Your objective
Exactly as written, retype the listing below, omitting the pictures.

((

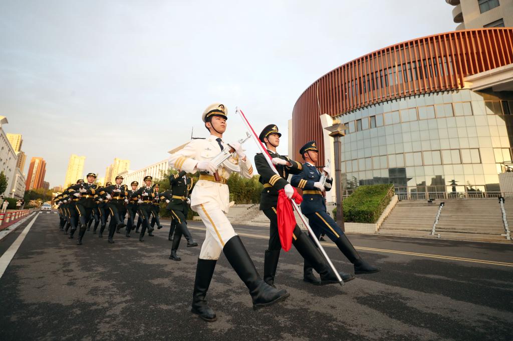 迎着早晨第一缕朝阳,国旗护卫队员们迈着矫健的步伐,护卫着鲜艳的五星红旗进入广场,走上升旗台。全体师生肃立,高唱国歌,注视着鲜艳的五星红旗冉冉升起。
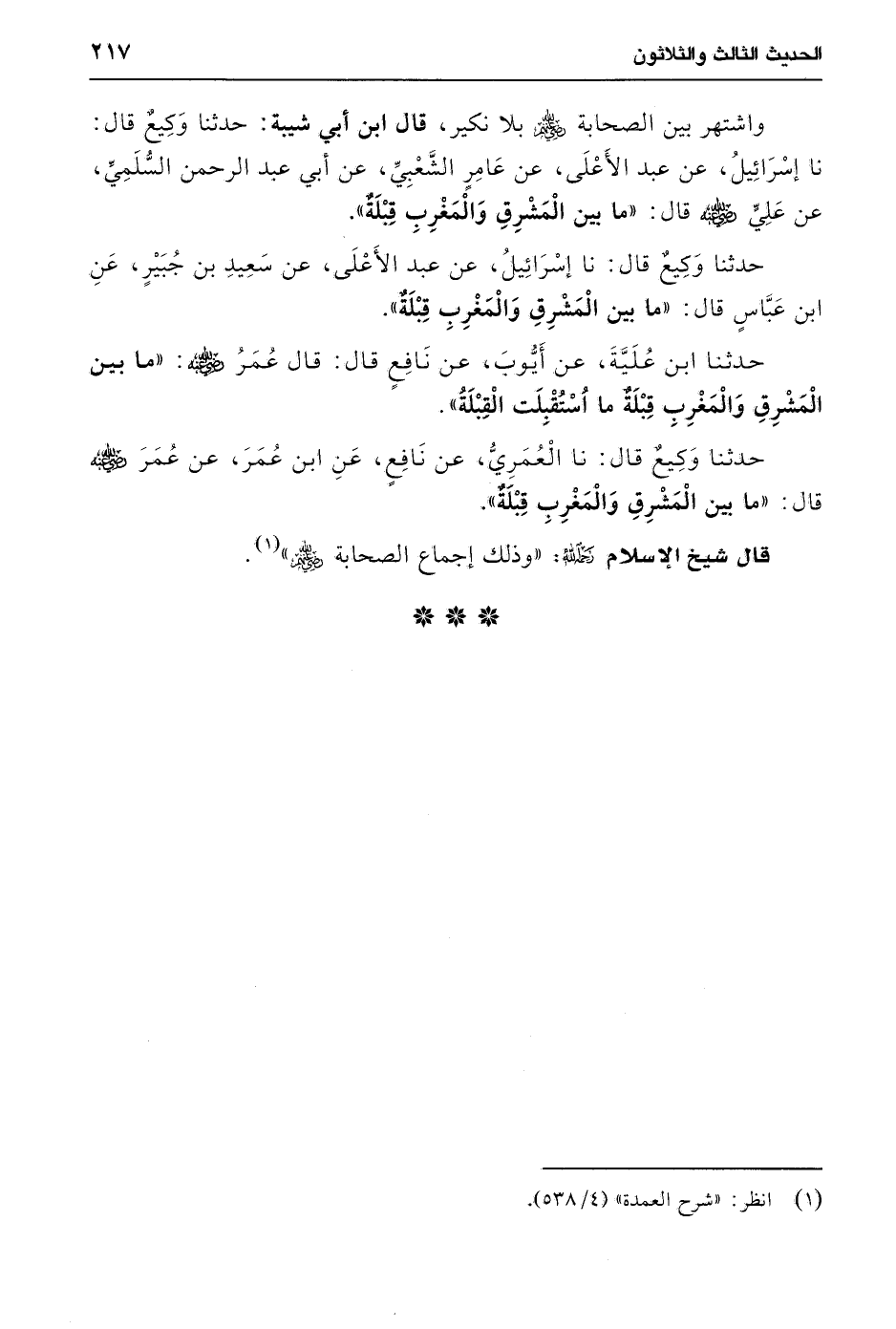 واشتهر بين الصحابة - رضي الله عنه - بلا نكير، قال ابن أبي شيبة: حدثنا وَكِيعٌ قال: نا إسْرَائيل، عن عبد الأعْلَى، عن عامر الشِّعْبِيِّ، عن أبي عبد الرحمن السُّلمِيِّ، عن عَلِيٍّ - رضي الله عنه - قال: "ما بين الْمَشْرِق وَالْمَغْربِ قِبْلَةٌ".
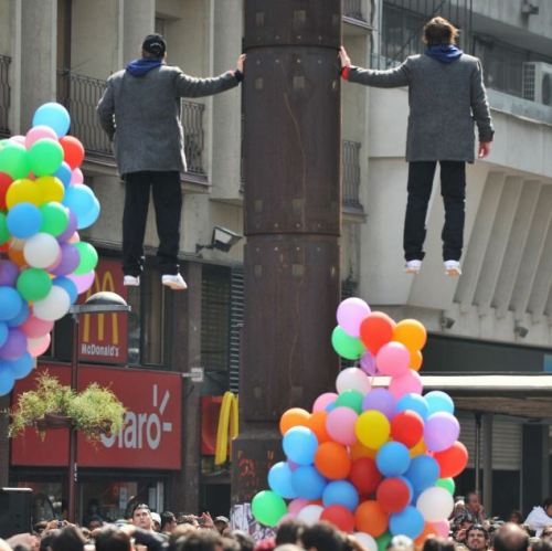 據(jù)報道,今年9月18日是智利獨立200周年的紀念日,這對在智利國內(nèi)很出名的雙胞胎兄弟尼古拉斯(Nicolas Luisetti Olhaberry)和約翰(John Paul Olhaberry)為了向這個特殊的節(jié)日致敬,提前用表演“漂浮術(shù)”的方式進行慶祝。
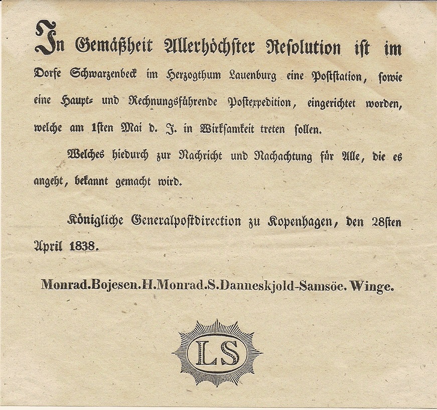 Zum Leiter der Postexpedition in Schwarzenbeck habe ich leider keine Informationen. Weder auf dem deutschsprachigen Plakat, das ich zeige konnte noch auf dem dänischsprachigen Plakat (in der online-Bibliothek der DPHS) ist der Leiter genannt. Auch bei Fogtman's rescripter (Verzeichnis aller königlichen Anordnungen) fehlt leider der Jahrgang 1838 in der online-Bibliothek.
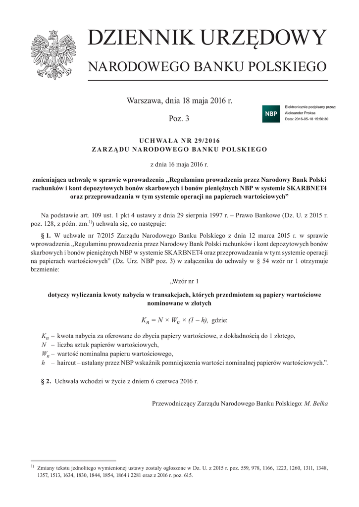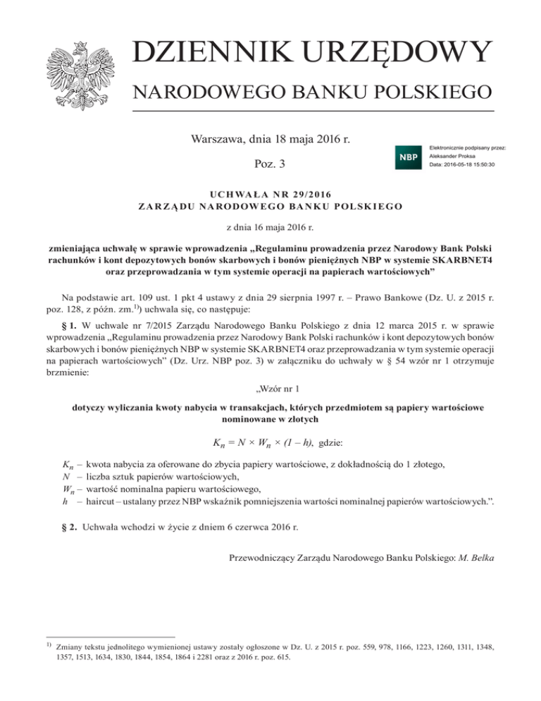 DZIENNIK URZĘDOWY NARODOWEGO BANKU POLSKIEGO Warszawa, dnia 18 maja 2016 r. Poz. 3 Elektronicznie podpisany przez: Aleksander Proksa Data: 2016-05-18 15:50:30 UC H WA Ł A N R 29/2 016 Z A R Z Ą DU NA ROD OW EG O BA N K U POLSK I EG O z dnia 16 maja 2016 r. zmieniająca uchwałę w sprawie wprowadzenia „Regulaminu prowadzenia przez Narodowy Bank Polski rachunków i kont depozytowych bonów skarbowych i bonów pieniężnych NBP w systemie SKARBNET4 oraz przeprowadzania w tym systemie operacji na papierach wartościowych” Na podstawie art. 109 ust. 1 pkt 4 ustawy z dnia 29 sierpnia 1997 r. – Prawo Bankowe (Dz. U. z 2015 r. poz. 128, z późn. zm.1)) uchwala się, co następuje: § 1. W uchwale nr 7/2015 Zarządu Narodowego Banku Polskiego z dnia 12 marca 2015 r. w sprawie wprowadzenia „Regulaminu prowadzenia przez Narodowy Bank Polski rachunków i kont depozytowych bonów skarbowych i bonów pieniężnych NBP w systemie SKARBNET4 oraz przeprowadzania w tym systemie operacji na papierach wartościowych” (Dz. Urz. NBP poz. 3) w załączniku do uchwały w § 54 wzór nr 1 otrzymuje brzmienie: „Wzór nr 1 dotyczy wyliczania kwoty nabycia w transakcjach, których przedmiotem są papiery wartościowe nominowane w złotych Kn = N × Wn × (1 – h), gdzie: Kn – kwota nabycia za oferowane do zbycia papiery wartościowe, z dokładnością do 1 złotego, N – liczba sztuk papierów wartościowych, Wn– wartość nominalna papieru wartościowego, h – haircut – ustalany przez NBP wskaźnik pomniejszenia wartości nominalnej papierów wartościowych.”. § 2. Uchwała wchodzi w życie z dniem 6 czerwca 2016 r. Przewodniczący Zarządu Narodowego Banku Polskiego: M. Belka 1) Zmiany tekstu jednolitego wymienionej ustawy zostały ogłoszone w Dz. U. z 2015 r. poz. 559, 978, 1166, 1223, 1260, 1311, 1348, 1357, 1513, 1634, 1830, 1844, 1854, 1864 i 2281 oraz z 2016 r. poz. 615.
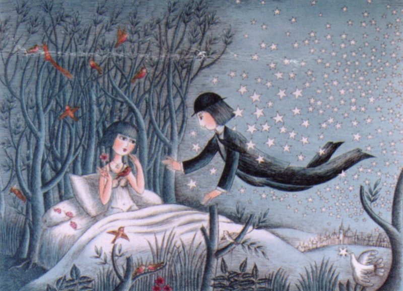 夢 青空 小鳥 恋 優しさ 祈り ☆ 愛 心 メロディー 幸せ 海 虹 天使 月 花 希望 など ペイネの絵には宝石の様に耀く素晴らしい言葉がちりばめられています。それ故に、人々は幸せな気分になるのでしょうか。
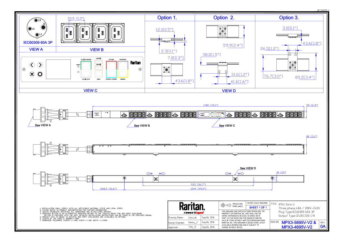 Monitored and switched rack power distribution unit (0U [vertical], 17.3kVA, 24 outlets). INPUT: 208v (3-phase DELTA), 60a - IEC 60309 3P+E 9h 60A plug (3P4W); OUTPUT: 24@ C19 outlets; on 6@ 2-pole, 20a Overcurrent Protectors; FEATURES: Billing-Grade (+/- 1%) Energy Metering [kW, kVA, V, A, Power Factor] - per inlet, per breaker/fuse, per outlet; Remote network monitoring via HTML, JSON-RPC, SSH, Telnet, MODBUS/TCP, and SNMPv3. Onboard embedded processor with minimum 536MHz clock speed, 16MB SPI Flash, and 64MB DDR2 RAM. Cascading upto 16 PDU's using single Ethernet or USB connection. Environmental monitoring [temp/humidity] capable – up to 32 sensors. Individual outlet numbers labeled on chassis. Automated deployment via TFTP, DHCP, SSH(CLI), or USB Flash Drives. WiFi Capable. USB Webcam Capable. iPad/iPhone/Android App. Dual 10/100/1000 Ethernet port. Tri-color status LED per receptacle. Breaker metering and alarming (0V detection). Max Dimensions 59mm x 80mm x 1780mm (2.3in x 3.2in x 70.1in). Max Weight TBD. Maximum ambient temperature 60C at full load.
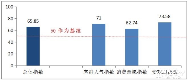 整體上看,中國購物中心的總體指數(shù)為65.85,高于50的基準(zhǔn)線,表明我國購物中心整體呈現(xiàn)良好的態(tài)勢,受到消費(fèi)者喜愛。其中購物中心受歡迎指數(shù)最高,其次是客群人次指數(shù)和消費(fèi)意愿指數(shù)。
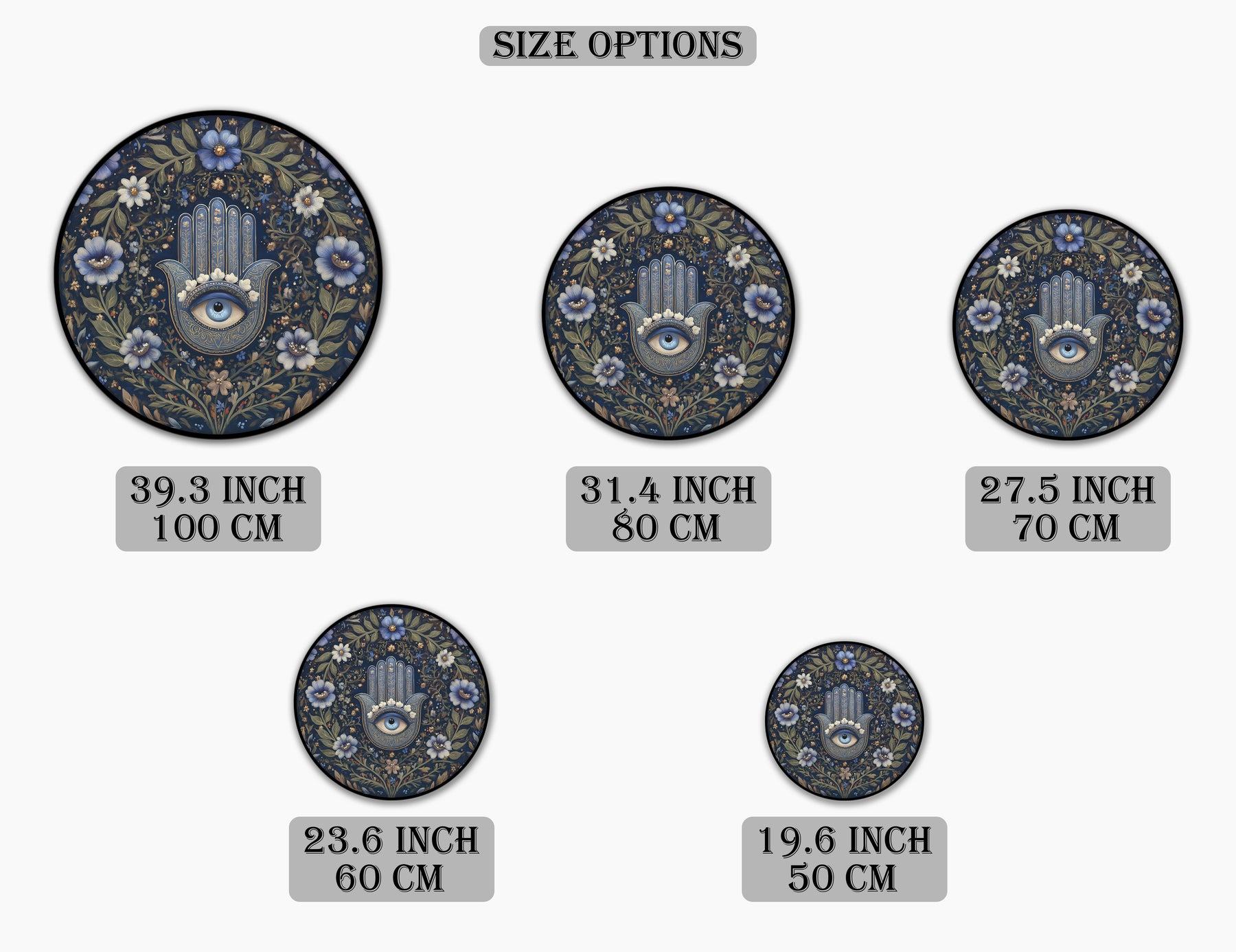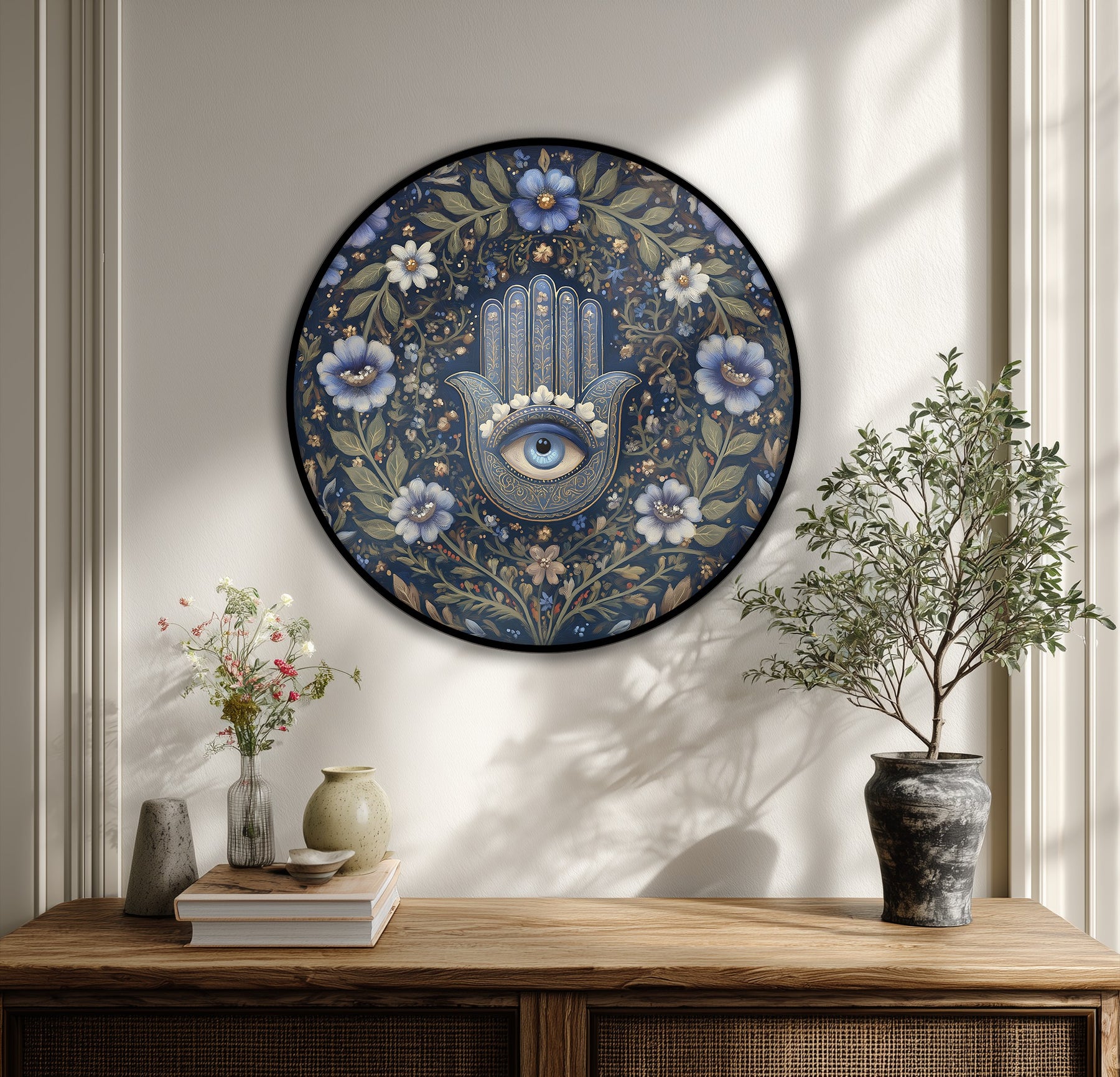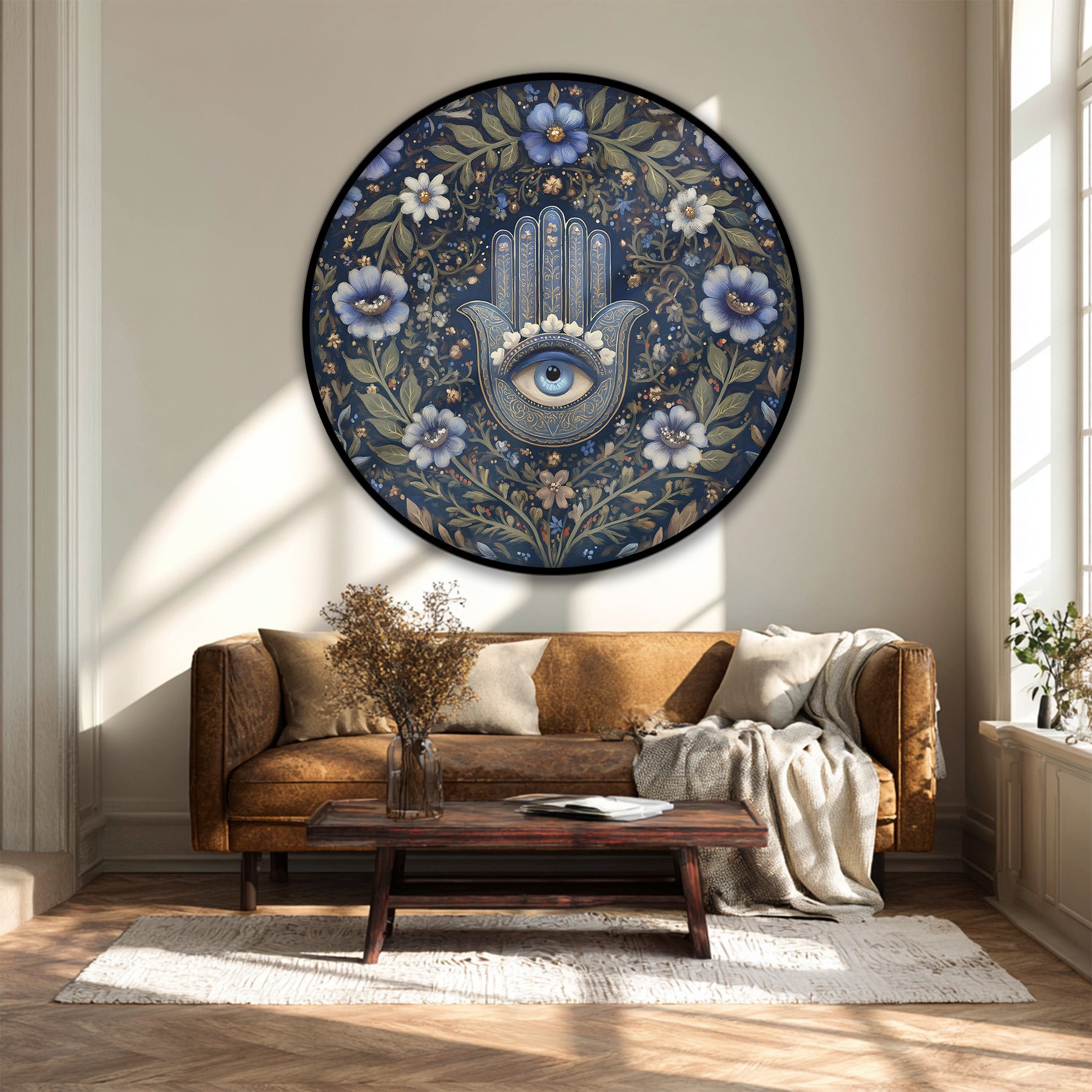 Circular canvas wall art featuring a central Hamsa hand and eye design, surrounded by a geometric arrangement of blue and white floral elements.

))

Answer area
 迎着早晨第一缕朝阳,国旗护卫队员们迈着矫健的步伐,护卫着鲜艳的五星红旗进入广场,走上升旗台。全体师生肃立,高唱国歌,注视着鲜艳的五星红旗冉冉升起。
 واشتهر بين الصحابة - رضي الله عنه - بلا نكير، قال ابن أبي شيبة: حدثنا وَكِيعٌ قال: نا إسْرَائيل، عن عبد الأعْلَى، عن عامر الشِّعْبِيِّ، عن أبي عبد الرحمن السُّلمِيِّ، عن عَلِيٍّ - رضي الله عنه - قال: "ما بين الْمَشْرِق وَالْمَغْربِ قِبْلَةٌ".
 據(jù)報道,今年9月18日是智利獨立200周年的紀念日,這對在智利國內(nèi)很出名的雙胞胎兄弟尼古拉斯(Nicolas Luisetti Olhaberry)和約翰(John Paul Olhaberry)為了向這個特殊的節(jié)日致敬,提前用表演“漂浮術(shù)”的方式進行慶祝。
 Zum Leiter der Postexpedition in Schwarzenbeck habe ich leider keine Informationen. Weder auf dem deutschsprachigen Plakat, das ich zeige konnte noch auf dem dänischsprachigen Plakat (in der online-Bibliothek der DPHS) ist der Leiter genannt. Auch bei Fogtman's rescripter (Verzeichnis aller königlichen Anordnungen) fehlt leider der Jahrgang 1838 in der online-Bibliothek.
 DZIENNIK URZĘDOWY NARODOWEGO BANKU POLSKIEGO Warszawa, dnia 18 maja 2016 r. Poz. 3 Elektronicznie podpisany przez: Aleksander Proksa Data: 2016-05-18 15:50:30 UC H WA Ł A N R 29/2 016 Z A R Z Ą DU NA ROD OW EG O BA N K U POLSK I EG O z dnia 16 maja 2016 r. zmieniająca uchwałę w sprawie wprowadzenia „Regulaminu prowadzenia przez Narodowy Bank Polski rachunków i kont depozytowych bonów skarbowych i bonów pieniężnych NBP w systemie SKARBNET4 oraz przeprowadzania w tym systemie operacji na papierach wartościowych” Na podstawie art. 109 ust. 1 pkt 4 ustawy z dnia 29 sierpnia 1997 r. – Prawo Bankowe (Dz. U. z 2015 r. poz. 128, z późn. zm.1)) uchwala się, co następuje: § 1. W uchwale nr 7/2015 Zarządu Narodowego Banku Polskiego z dnia 12 marca 2015 r. w sprawie wprowadzenia „Regulaminu prowadzenia przez Narodowy Bank Polski rachunków i kont depozytowych bonów skarbowych i bonów pieniężnych NBP w systemie SKARBNET4 oraz przeprowadzania w tym systemie operacji na papierach wartościowych” (Dz. Urz. NBP poz. 3) w załączniku do uchwały w § 54 wzór nr 1 otrzymuje brzmienie: „Wzór nr 1 dotyczy wyliczania kwoty nabycia w transakcjach, których przedmiotem są papiery wartościowe nominowane w złotych Kn = N × Wn × (1 – h), gdzie: Kn – kwota nabycia za oferowane do zbycia papiery wartościowe, z dokładnością do 1 złotego, N – liczba sztuk papierów wartościowych, Wn– wartość nominalna papieru wartościowego, h – haircut – ustalany przez NBP wskaźnik pomniejszenia wartości nominalnej papierów wartościowych.”. § 2. Uchwała wchodzi w życie z dniem 6 czerwca 2016 r. Przewodniczący Zarządu Narodowego Banku Polskiego: M. Belka 1) Zmiany tekstu jednolitego wymienionej ustawy zostały ogłoszone w Dz. U. z 2015 r. poz. 559, 978, 1166, 1223, 1260, 1311, 1348, 1357, 1513, 1634, 1830, 1844, 1854, 1864 i 2281 oraz z 2016 r. poz. 615.
 夢 青空 小鳥 恋 優しさ 祈り ☆ 愛 心 メロディー 幸せ 海 虹 天使 月 花 希望 など ペイネの絵には宝石の様に耀く素晴らしい言葉がちりばめられています。それ故に、人々は幸せな気分になるのでしょうか。
 Monitored and switched rack power distribution unit (0U [vertical], 17.3kVA, 24 outlets). INPUT: 208v (3-phase DELTA), 60a - IEC 60309 3P+E 9h 60A plug (3P4W); OUTPUT: 24@ C19 outlets; on 6@ 2-pole, 20a Overcurrent Protectors; FEATURES: Billing-Grade (+/- 1%) Energy Metering [kW, kVA, V, A, Power Factor] - per inlet, per breaker/fuse, per outlet; Remote network monitoring via HTML, JSON-RPC, SSH, Telnet, MODBUS/TCP, and SNMPv3. Onboard embedded processor with minimum 536MHz clock speed, 16MB SPI Flash, and 64MB DDR2 RAM. Cascading upto 16 PDU's using single Ethernet or USB connection. Environmental monitoring [temp/humidity] capable – up to 32 sensors. Individual outlet numbers labeled on chassis. Automated deployment via TFTP, DHCP, SSH(CLI), or USB Flash Drives. WiFi Capable. USB Webcam Capable. iPad/iPhone/Android App. Dual 10/100/1000 Ethernet port. Tri-color status LED per receptacle. Breaker metering and alarming (0V detection). Max Dimensions 59mm x 80mm x 1780mm (2.3in x 3.2in x 70.1in). Max Weight TBD. Maximum ambient temperature 60C at full load.
 整體上看,中國購物中心的總體指數(shù)為65.85,高于50的基準(zhǔn)線,表明我國購物中心整體呈現(xiàn)良好的態(tài)勢,受到消費(fèi)者喜愛。其中購物中心受歡迎指數(shù)最高,其次是客群人次指數(shù)和消費(fèi)意愿指數(shù)。
 Circular canvas wall art featuring a central Hamsa hand and eye design, surrounded by a geometric arrangement of blue and white floral elements.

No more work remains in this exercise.